Trinusa juga mendesak agar seluruh proses penindakan dan nilai denda diaudit terbuka. Bila diabaikan, mereka akan mendorong pembentukan Pansus Khusus DPRD, serta membuka jalur komunikasi dengan Ombudsman dan KPK untuk menelusuri potensi pelanggaran etik dan hukum.
Praktisi Hukum: DPRD Tak Bisa Hanya Menjadi Penonton
Seorang praktisi hukum senior di Jawa Timur yang enggan disebutkan namanya menyebut ini sebagai uji integritas DPRD Kabupaten Pasuruan.
“Jika DPRD tidak segera bertindak atas laporan LSM dan kegelisahan publik, maka publik patut bertanya: apakah fungsi pengawasan masih hidup, atau sudah lumpuh?” ujarnya tajam.
Ia juga menegaskan bahwa prinsip ultimum remedium tidak boleh menjadi jalan pintas untuk menyelamatkan pelanggar hukum. “Kalau hukum bisa dinegosiasikan di balik meja, untuk apa aparat penegak hukum diberi mandat?” lanjutnya.
Sementara itu, hingga berita ini ditayangkan, Bea Cukai Pasuruan belum memberi tanggapan resmi.
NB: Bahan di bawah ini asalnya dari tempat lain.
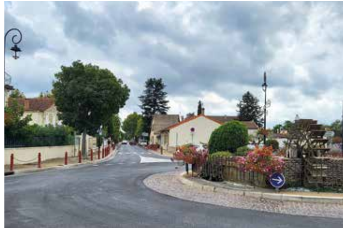
L'avenue de la Libération

La reprise des enrobés sur l'avenue et le rond-point de la roue permet des cheminements en toute sécurité.

Humas Bea Cukai sebelumnya menyatakan surat LSM telah diterima dan sedang diproses, namun setelah surat kedua dikirim—yang secara eksplisit menyebut DPRD sebagai tujuan laporan—Bea Cukai masih memilih diam.
Diamnya lembaga negara di tengah derasnya desakan masyarakat sipil justru menambah kecurigaan: Apakah ultimum remedium sedang menjelma menjadi instrumen kompromi hukum yang dilegalkan?